Action item:
Everything from the line containing "2100mm:不常用区(闲置被褥、抱枕收纳区)" through the final line below must be output exactly, both ends included, with nothing else and no pictures.

Available data:
Content starts

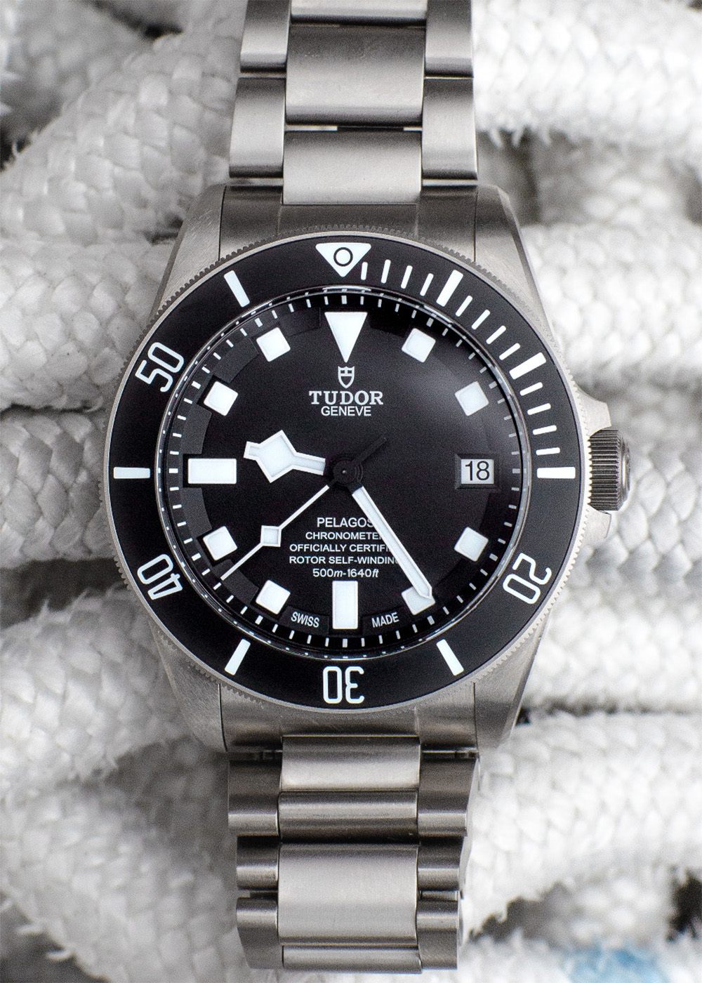 Die TUDOR Pelagos FXD (Ref. M25717N-0001) ist eine professionelle Taucheruhr mit einem robusten 42-mm-Titangehäuse, festen Bandanstößen und einer Wasserdichtigkeit bis 200 Meter. Sie verfügt über das leistungsstarke Automatikkaliber MT5602 mit COSC-Zertifizierung und 70 Stunden Gangreserve. Die Uhr kombiniert Funktionalität mit nautischem Erbe und wird mit einem widerstandsfähigen Textilband sowie einem zusätzlichen Kautschukband geliefert. Ihre Ausstattung, darunter ein schwarzes Zifferblatt und eine drehbare Lünette, macht sie zu einem idealen Begleiter für anspruchsvolle Unterwassereinsätze.Die Geschichte der TUDOR Pelagos FXDDie TUDOR Pelagos FXD ehrt die jahrzehntelange Verbindung der Marke mit der Welt der professionellen Taucheruhren. Seit den 1950er Jahren entwickelt TUDOR Zeitmesser, die den extremen Anforderungen unter Wasser standhalten. Besonders hervorzuheben ist die Zusammenarbeit mit militärischen Eliteeinheiten wie den französischen Marinekampfschwimmern (Marine Nationale). Diese nutzten TUDORs Expertise und Innovationsgeist. Die Pelagos FXD trägt dieses Erbe weiter: TUDOR entwickelte ihr Design und ihre Funktionalität speziell für Unterwasser-Einsätze. Sie ist ein Symbol für die unermüdliche Hingabe der Marke, robuste und zuverlässige Taucheruhren zu schaffen.Das Gehäuse der TUDOR Pelagos FXDDas Gehäuse der TUDOR Pelagos FXD (Ref. M25717N-0001) ist ein Meisterwerk der Technik und wurde aus leichtem, widerstandsfähigem Titan gefertigt. Der Gehäusedurchmesser des Zeitmessers beträgt 42 mm, die Bauhöhe 12,75 mm und der Lug-to-Lug Abstand 52 mm. Eine Besonderheit des FXD-Modells sind die festen Bandanstöße (Fixed Lugs). Diese gewährleisten eine maximale Stabilität des Armbands und halten die Uhr selbst bei extremen Einsätzen sicher am Handgelenk. Mit einer Wasserdichtigkeit von 200 Metern und einer einseitig drehbaren Lünette erfüllt das Gehäuse die höchsten Ansprüche an eine Taucheruhr. Das schwarze Zifferblatt und die gleichfarbige Lünette begeistern mit einem schlichten Design was zur besseren Ablesbarkeit beiträgt.Das UhrwerkIm Inneren der TUDOR Pelagos FXD schlägt das Automatikkaliber MT5602 mit einer Frequenz von 4 Hz beziehungsweise 28.800 Halbschwingungen pro Stunde. Dieses COSC-zertifizierte Uhrwerk bietet bei Vollaufzug eine Gangreserve von 70 Stunden. Dadurch hat der Träger die Möglichkeit, die Uhr über das Wochenende abzulegen, ohne sie am Montagmorgen erneut aufzuziehen.Das Armband der TUDOR Pelagos FXDDie TUDOR Pelagos FXD (Ref. M25717N-0001) kommt mit einem innovativen Armbandsystem, das auf Langlebigkeit und Tragekomfort ausgelegt ist. Sie wird standardmäßig mit einem einteiligen grünen Textilband mit einem roten Streifen geliefert. Die charakteristische Schiebeschließe aus Titan ermöglicht eine schnelle Anpassung, auch über Neoprenanzügen. Zusätzlich liegt ein Kautschukband mit Stiftschließe bei, das dem Träger eine atemberaubende Kombination aus Robustheit und Tragekomfort bietet.ALTHERR´s Fazit zur TUDOR Pelagos FXDDie TUDOR Pelagos FXD (Ref. M25717N-0001) ist weit mehr als nur ein Zeitmesser: Sie ist ein Werkzeug für Profis, ein Symbol für nautische Exzellenz und ein Tribut an die Historie der Marke. Ihr Titan-Gehäuse, das leistungsstarke MT5602-Uhrwerk und das innovative Armbandsystem machen sie zu einer der funktionalsten und ästhetisch ansprechendsten Taucheruhren auf dem Markt. Mit der Pelagos FXD setzt TUDOR einen neuen Standard für moderne Einsatzzeitmesser – robust, präzise und kompromisslos zuverlässig.
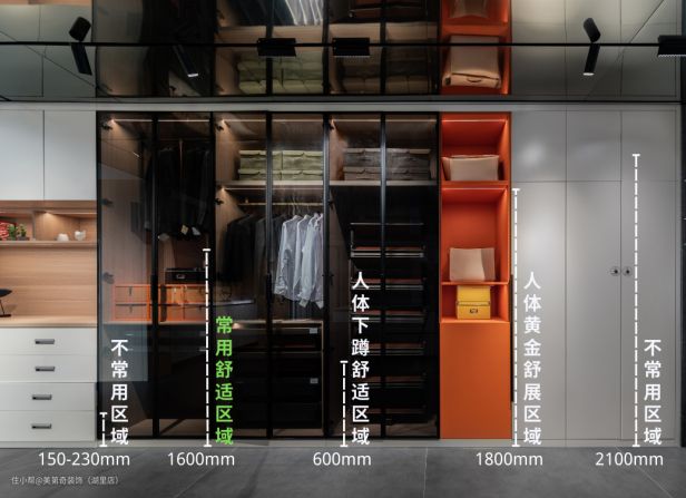 2100mm:不常用区(闲置被褥、抱枕收纳区)
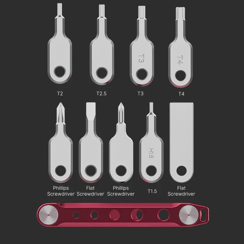 - Bộ Dụng Cụ 9 Trong 1: Bao gồm 2 tua vít đầu dẹt (1.5, 2, 2.5, 3, 4mm) và 2 tua vít đầu chữ thập.

Content ends

Result of this task:
 2100mm:不常用区(闲置被褥、抱枕收纳区)
 - Bộ Dụng Cụ 9 Trong 1: Bao gồm 2 tua vít đầu dẹt (1.5, 2, 2.5, 3, 4mm) và 2 tua vít đầu chữ thập.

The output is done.